This tutorial will cover how Data Parallel Extension for NumPy* and Data Parallel Extension for Numba* can be used to compute pairwise distance in NumPy* code efficiently through open-source heterogenous computing and DPC++/SYCL compilation.

## Simple NumPy Script

Here is a simple NumPy* script running pairwise distance on CPU - this is a normal NumPy script without any Data Parallel Extensions for Python* language products included. 

We will also record the time it takes to compute pariwise distance with this script for performance purposes.

In [1]:
import warnings
warnings.filterwarnings("ignore")

In [2]:
import numpy as np
import time

#compute pairwise distance
def pairwise_distance(data, distance):
    data_sqr = np.sum(np.square(data), dtype = np.float32, axis=1)
    np.dot(data, data.T, distance)
    distance *= -2
    np.add(distance, data_sqr.reshape(data_sqr.size, 1), distance)
    np.add(distance, data_sqr, distance)
    np.sqrt(distance, distance)

data = np.random.ranf((10*1024,3)).astype(np.float32)
distance = np.empty(shape=(data.shape[0], data.shape[0]), dtype=np.float32)

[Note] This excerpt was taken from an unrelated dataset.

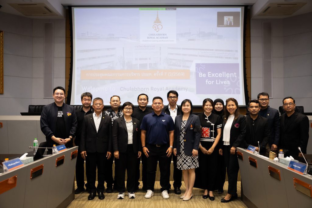 ราชวิทยาลัยจุฬาภรณ์ เป็นเจ้าภาพจัดการประชุมคณะกรรมการบริหารที่ประชุมสภาข้าราชการ พนักงาน และลูกจ้างมหาวิทยาลัยแห่งประเทศไทย (ปขมท.) ชุดที่ 23 ครั้งที่ 7 (2/2569) เมื่อวันศุกร์ที่ 24 เมษายน 2569 โดยมีคณะกรรมการบริหารเข้าร่วมจำนวน 18 ท่าน โดยการประชุมมุ่งขับเคลื่อนการดำเนินงานภายใต้ความร่วมมือของคณะกรรมการและเครือข่ายทั่วประเทศ เพื่อพัฒนางานวิชาการ เสริมสร้างองค์ความรู้ และยกระดับมาตรฐานการปฏิบัติงานของบุคลากรสายสนับสนุนให้สอดคล้องกับการเปลี่ยนแปลงในยุคปัจจุบัน พร้อมกันนี้ในวันเสาร์ที่ 25 เมษายน 2569 ราชวิทยาลัยจุฬาภรณ์ เป็นเจ้าภาพจัดการประชุมที่ประชุมสภาข้าราชการ พนักงาน และลูกจ้างมหาวิทยาลัยแห่งประเทศไทย (ปขมท.) สมัยสามัญ ครั้งที่ 122 (2/2569) ณ ราชวิทยาลัยจุฬาภรณ์ กรุงเทพมหานคร และผ่านระบบออนไลน์ Zoom Application โดยมีคณะกรรมการ ปขมท. จากสถาบันอุดมศึกษา 33 มหาวิทยาลัยทั่วประเทศเข้าร่วมประชุมอย่างพร้อมเพรียงกัน โดยมีนางจริยา ปัญญา รักษาการผู้ช่วยเลขาธิการราชวิทยาลัยจุฬาภรณ์ และกรรมการผู้ทรงคุณวุฒิ ปขมท. ได้กล่าวต้อนรับผู้เข้าร่วมการประชุมอย่างเป็นทางการ พร้อมทั้งกล่าวถึงบทบาทและบริบทของราชวิทยาลัยจุฬาภรณ์ในการเป็นสถาบันการศึกษาชั้นนำที่มุ่งขับเคลื่อนงานด้านการแพทย์เพื่อประโยชน์ของประชาชน โดยเน้นการพัฒนาองค์ความรู้ งานวิจัย และนวัตกรรมทางการแพทย์ที่ทันสมัย ควบคู่กับการจัดการเรียนการสอนในหลักสูตรต่าง ๆ ที่ตอบสนองต่อความต้องการของประเทศ ทั้งในระดับบุคลากรทางการแพทย์และสหสาขาวิชาชีพ เพื่อยกระดับคุณภาพชีวิตของประชาชนอย่างยั่งยืน พร้อมทั้งแสดงความยินดีที่ได้เป็นเจ้าภาพในการจัดการประชุมครั้งนี้ และหวังเป็นอย่างยิ่งว่าการประชุมจะเป็นเวทีสำคัญในการแลกเปลี่ยนความคิดเห็นและพัฒนาความร่วมมือระหว่างเครือข่ายมหาวิทยาลัยทั่วประเทศต่อไป จากนั้น นายเรวัต รัตนกาญจน์ ประธานที่ประชุมสภาข้าราชการ พนักงาน และลูกจ้างมหาวิทยาลัยแห่งประเทศไทย (ปขมท.) ได้กล่าวถึงวัตถุประสงค์และภารกิจสำคัญของ ปขมท. ในการทำหน้าที่เป็นศูนย์กลางในการประสานความร่วมมือระหว่างเครือข่ายมหาวิทยาลัยทั่วประเทศ เพื่อเสริมสร้างความเข้มแข็งให้กับบุคลากรสายสนับสนุนวิชาการอย่างเป็นระบบ พร้อมทั้งส่งเสริมและพัฒนาศักยภาพบุคลากรให้มีความรู้ ความสามารถ และทักษะที่สอดคล้องกับบริบทของการเปลี่ยนแปลงในยุคปัจจุบัน

#time pairwise distance calculations
start = time.time()
pairwise_distance(data, distance)
print("Time to Compute Pairwise Distance with Stock NumPy on CPU:", time.time() - start)


Time to Compute Pairwise Distance with Stock NumPy on CPU: 2.764047861099243


## Data Parallel Extension for NumPy& Running on Intel® Xeon 4th Generation CPU for Additional Speed-Up

Now let's convert this script into a Data Parallel Extension for NumPy* (dpnp) Script that can be run on any SYCL-supported device (CPU, GPU, etc) by a simple import statement change. 

Instead of `import numpy as np`, let's replace this statement with `import dpnp as np`. That is the only change required!

The script will run on a Intel GPU SYCL-device by default, if available, so we will specify `"cpu"` as the device for the arrays in order to run on a Intel® Xeon 4th Generation CPU. Even though it is running on CPU like NumPy, it has SYCL and oneAPI optimizations underneath it to give it more performance.

In [11]:
#using dpnp to allow heterogenous computing of NumPy!
import dpnp as np 
#import numpy as np

import time

#compute pairwise distance
def pairwise_distance(data, distance):
    data_sqr = np.sum(np.square(data), dtype = np.float32, axis=1) #specify cpu as the device
    np.dot(data, data.T, distance)
    distance *= -2
    np.add(distance, data_sqr.reshape(data_sqr.size, 1), distance)
    np.add(distance, data_sqr, distance)
    np.sqrt(distance, distance)
    
#specify CPU device type to run on CPU
data = np.random.ranf((10*1024,3), device = "cpu").astype(np.float32)
distance = np.empty(shape=(data.shape[0], data.shape[0]), dtype=np.float32, device = "cpu")


#do compilation of kernel first run, we will calculate performance on subsequent runs
pairwise_distance(data, distance)
#time pairwise distance calculations
start = time.time()
pairwise_distance(data, distance)
print("Time to Compute Pairwise Distance with DPNP on CPU:", time.time() - start)

Time to Compute Pairwise Distance with DPNP on CPU: 0.2046055793762207


We already see some speedup just by using DPNP on CPU!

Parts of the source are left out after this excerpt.